🤖 AI Summary
This work addresses the challenge of pretraining Transformer-based text recognition models on unlabeled data. We propose a self-supervised masked pretraining method specifically designed for raw text-line images. Our approach is built upon the masked language modeling (MLM) paradigm and incorporates three key innovations: (1) a novel progressive masking strategy that dynamically increases the masking ratio over training epochs; (2) a dual-region joint loss function that jointly optimizes masked and unmasked regions to enhance feature consistency; and (3) the first large-scale pretraining framework requiring only 50 million unlabeled text-line images—without any human annotations. Combined with multi-scale fine-tuning, our method achieves up to a 30% reduction in character error rate across multiple standard benchmarks, matching the performance of supervised transfer learning while drastically reducing reliance on labeled data.
📝 Abstract
Self-supervised learning has emerged as a powerful approach for leveraging large-scale unlabeled data to improve model performance in various domains.

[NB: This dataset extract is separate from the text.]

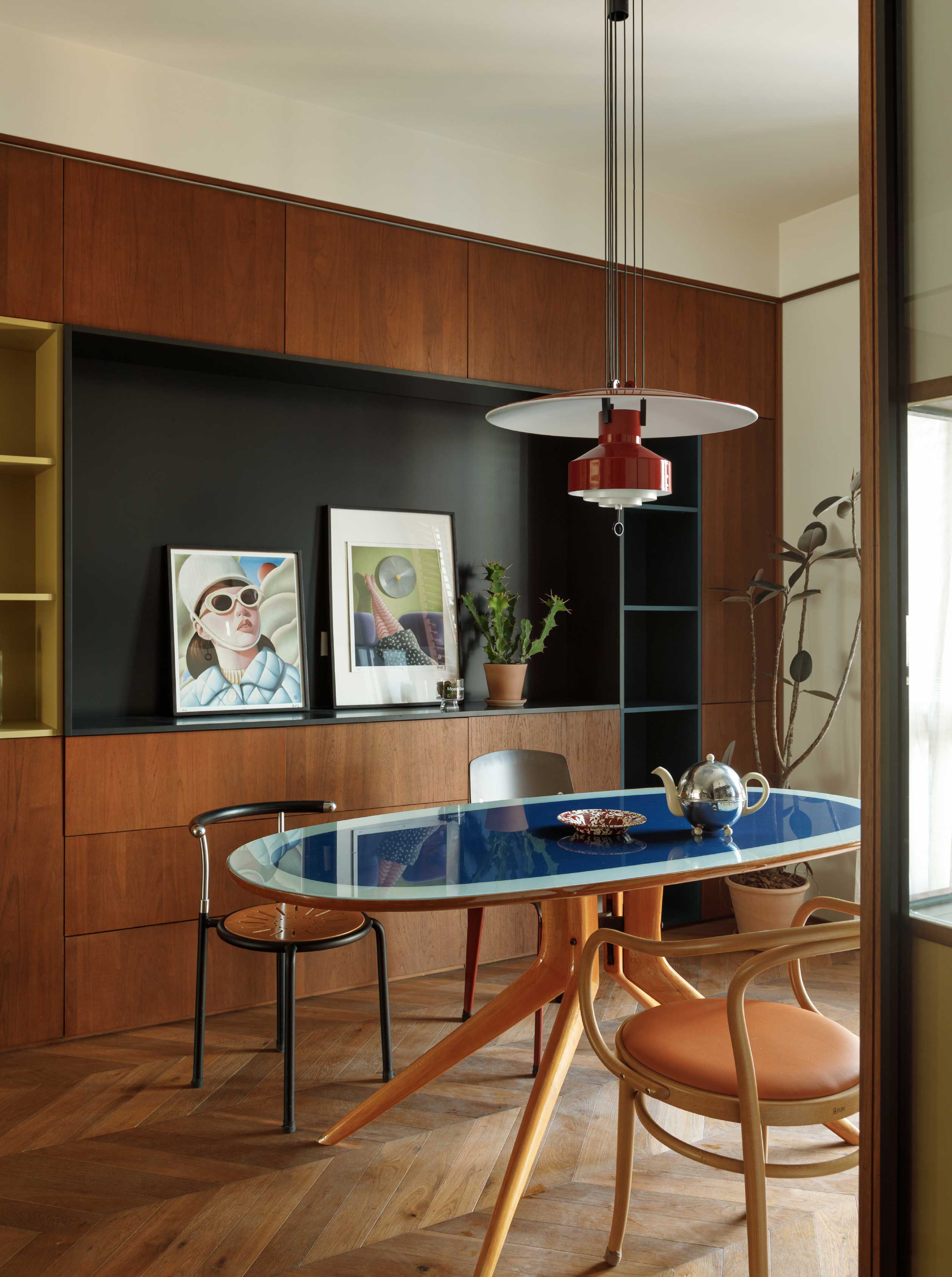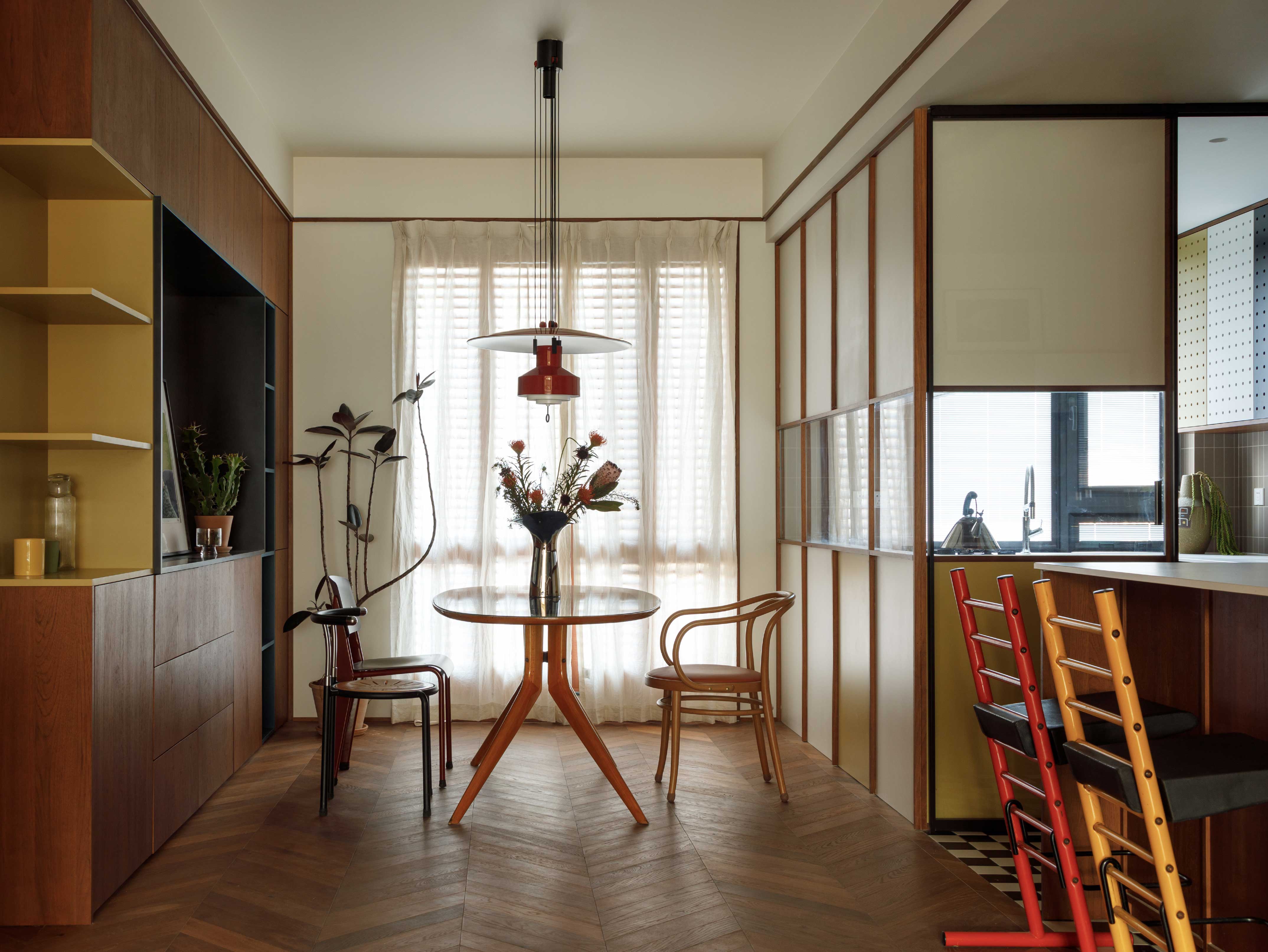 餐廳安排藍色復古餐桌,上方垂掛Stilnovo Saliscendi紅色吊燈,映襯芥黃邊櫃,三原色交錯呈現,鮮明的濃彩色調成為視覺焦點。

In this paper, we explore masked self-supervised pre-training for text recognition transformers. Specifically, we propose two modifications to the pre-training phase: progressively increasing the masking probability, and modifying the loss function to incorporate both masked and non-masked patches. We conduct extensive experiments using a dataset of 50M unlabeled text lines for pre-training and four differently sized annotated datasets for fine-tuning. Furthermore, we compare our pre-trained models against those trained with transfer learning, demonstrating the effectiveness of the self-supervised pre-training. In particular, pre-training consistently improves the character error rate of models, in some cases up to 30 % relatively. It is also on par with transfer learning but without relying on extra annotated text lines.